EXHIBIT LIST: EX-24 Power of Attorney - Julie Streich 7-13-2023
Julie K. Streich by Daniela Rivera under Power of Attorney
2023-08-11
EX-24
2
poa_streichxjulyx2023.txt
POWER OF ATTORNEY - JULIE STREICH 7-13-2023
POWER OF ATTORNEY
Know all by these presents that the undersigned hereby constitutes and
appoints each of Jay B. Knoll, Julie S. Wade, Jessica McCormack,
Anna-Emily C. Gaupp, and Daniela Rivera, signing singly, the undersigned's
true and lawful attorney-in-fact to:
(1) execute for and on behalf of the undersigned, in the undersigned's
capacity as an officer and/or director of Barnes Group Inc. (the "Company"),
Forms 3, 4 and 5 in accordance with Section 16(a) of the Securities Exchange
Act of 1934 and the rules thereunder;
(2) do and perform any and all acts for and on behalf of the undersigned
which may be necessary or desirable to complete and execute any such Form 3,
4 or 5, complete and execute any amendment or amendments thereto, and file
such form with the United States Securities and Exchange Commission and any
stock exchange or similar authority; and
(3) take any other action of any type whatsoever in connection with the
foregoing which, in the opinion of such attorney-in-fact, may be of benefit
to, in the best interest of, or legally required by, the undersigned, it
being understood that the documents executed by such attorney-in-fact on
behalf of the undersigned pursuant to this Power of Attorney shall be in such
form and shall contain such terms and conditions as such attorney-in-fact may
approve in such attorney-in-fact's discretion.
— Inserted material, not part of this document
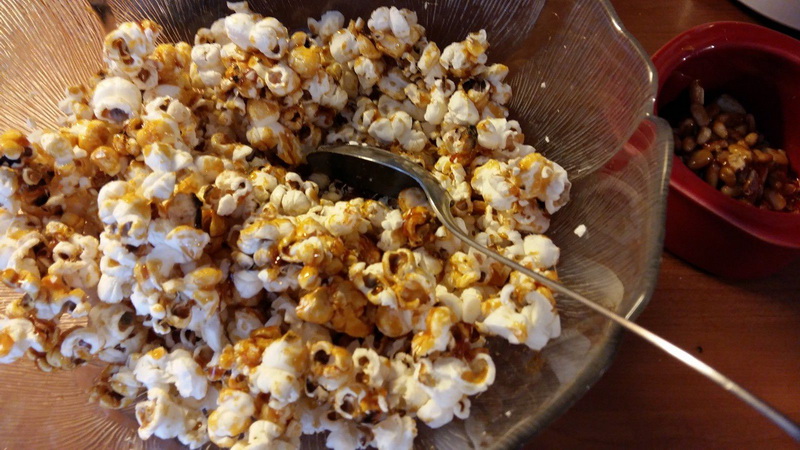 - Rincer la casserole et faire fondre un peu de sucre, environ 2 c à soupe.. Lorsqu’il a caramélisé, ajouter le popcorn et éteindre le feu. Mélanger pour les enrober de caramel. Réserver.

The undersigned hereby grants to each such attorney-in-fact full power and
authority to do and perform any and every act and thing whatsoever requisite,
necessary, or proper to be done in the exercise of any of the rights and
powers herein granted, as fully to all intents and purposes as the
undersigned might or could do if personally present, with full power of
substitution or revocation, hereby ratifying and confirming all that such
attorney-in-fact, or such attorney-in-fact's substitute or substitutes, shall
lawfully do or cause to be done by virtue of this power of attorney and the
rights and powers herein granted. The undersigned acknowledges that the
foregoing attorneys-in-fact, in serving in such capacity at the request of
the undersigned, are not assuming, nor is the Company assuming, any of the
undersigned's responsibilities to comply with Section 16 of the Securities
Exchange Act of 1934.
This Power of Attorney shall remain in full force and effect until the
undersigned is no longer required to file Forms 3, 4 and 5 with respect to
the undersigned's holdings of and transactions in securities issued by the
Company, unless earlier revoked by the undersigned in a signed writing
delivered to the foregoing attorneys-in-fact.
IN WITNESS WHEREOF, the undersigned has caused this Power of Attorney to be
executed as of this 13th day of July, 2023.